Застучали засовы и зазвенели цепочки. Феня, тяжело вращаясь, посторонилась. В коридоре тускло горел свет. Дверь старушки Двоепольской была опечатана четкой бумажкой с ниточкой и отчетливой печатью.
– Вот видите, Феня, чемоданчик бабушки Аркадии. Никак не могу передать. Где же она, что случилось?
– А то оно, – проворчала Феня. – Что и не случилось. Страм один. Старая – то Аркадия съехала в богадельню на государевы заботы, да ключеву водицу. Вот и чего! А ейную принадлежность на ту ночь и пограбили скорые люди-вороны. Поклевали всю мелкую сохранность, а шкафины посдвинули и тама заломалось. Вы все знакомцы. Все норовите, как Феня спит, дверцы пообрывать, да бабок на свиданку ангелов спровадить. Тьфу!

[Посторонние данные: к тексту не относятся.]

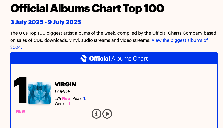 With a U.K. and Ireland arena tour on the horizon and dancehall echoes woven into its fabric, Virgin is poised to become one of Lorde’s defining works — both critically and commercially. Its debut at No. 1 on three major markets — the U.S., U.K., and Australia — signals not just a return, but a reinvention. Lorde is no longer the prodigy from Pure Heroine — she’s now a global chart force who, more than a decade into her career, is still finding new ways to captivate, collaborate, and conquer.
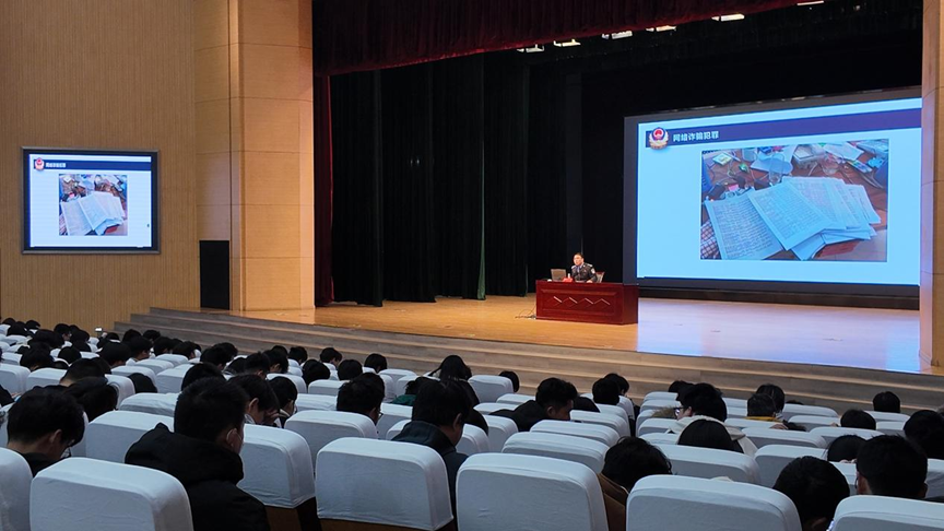 讲座伊始,张研警官便结合一系列真实又极具代表性的案例,深入浅出地分析当下电信网络诈骗的严峻形势,从老员工轻信网络刷单广告误入陷阱,到职场新人被冒充公检法的诈骗电话骗走积蓄,桩桩件件,扣人心弦。张警官凭借专业经验,抽丝剥茧,展示了诈骗团伙狡猾的作案方式:利用软件伪装号码,搭配精心设计的话术,逐步瓦解受害人的心理防线等。在对严峻形势进行剖析后,张警官详细讲解常见的电信诈骗类型、诈骗原理及防范方法,强调诈骗得逞的关键在于诈骗分子抓住了受害人恐惧、贪婪的心理弱点,利用信息差实施骗局,呼吁在场同学“反诈于心、防骗于行、青春筑梦、安全同行”。

– А скажите, Феня, – спросил Арсений. – Племянница Ваша, Рита, обо мне утром не звонила, не справлялась?
Феня посмотрела внимательными старыми глазками:
– С вами справишься. Сам уйдешь, чтоль, али как. А то дело скоро к вечеру, в моей комнате ночуй, недорого возьму, кило пшена.
В этот миг входная дверь заскрипела, заохала и ввалилась, и в коридор ворвалась нежданная ватага в составе трех лиц – крепкого, бегущего мелкими шажками в натирающих ботинках майора Чумачемко, следующего за ним на кривых зеркально чищеных сапогах старшины и жмурящегося на свету пожилого хулигана Хорькова, которого и лицом-то назвать было стыдно, так как он тут же, пошатываясь, начал по коридору тыкать опитой пивом физиономией, надеясь хоть что спереть.
– Руки! – заорал майор, подлетая.
– По швам! – вскричал старшина, водя запорожскими усами.
– Опять ты! – делано ужаснулся майор. – На это раз не открутишься, несун. Твои адвокатские тебе не помогут. Задержан на месте преступления с наличным.
– Я говорю, он. Похожий он, – шатаясь, подтвердил наводчик Хорьков.
– С каким поличным? – возмутился Полозков.
Майор подошел к двери и сорвал бумажку.
– Проник в опечатанное помещение. Понятой, понятой! – страшно засипел майор. – Ты видел поличное у нарушителя?
Хулиган Хорьков, шатаясь с усталости и забот, не сразу сообразил, что его требует власть. Но все же натужно подбежал, вытащил из-под куртки уже упертую на кухне сковородку, полную жареной на сале картохи, и злобно процедил:
– Да на те, на. Усрись своим поличным.
– Стоять! – опять зыкнул Чумачемко. – Пройдемте в преступное пространство.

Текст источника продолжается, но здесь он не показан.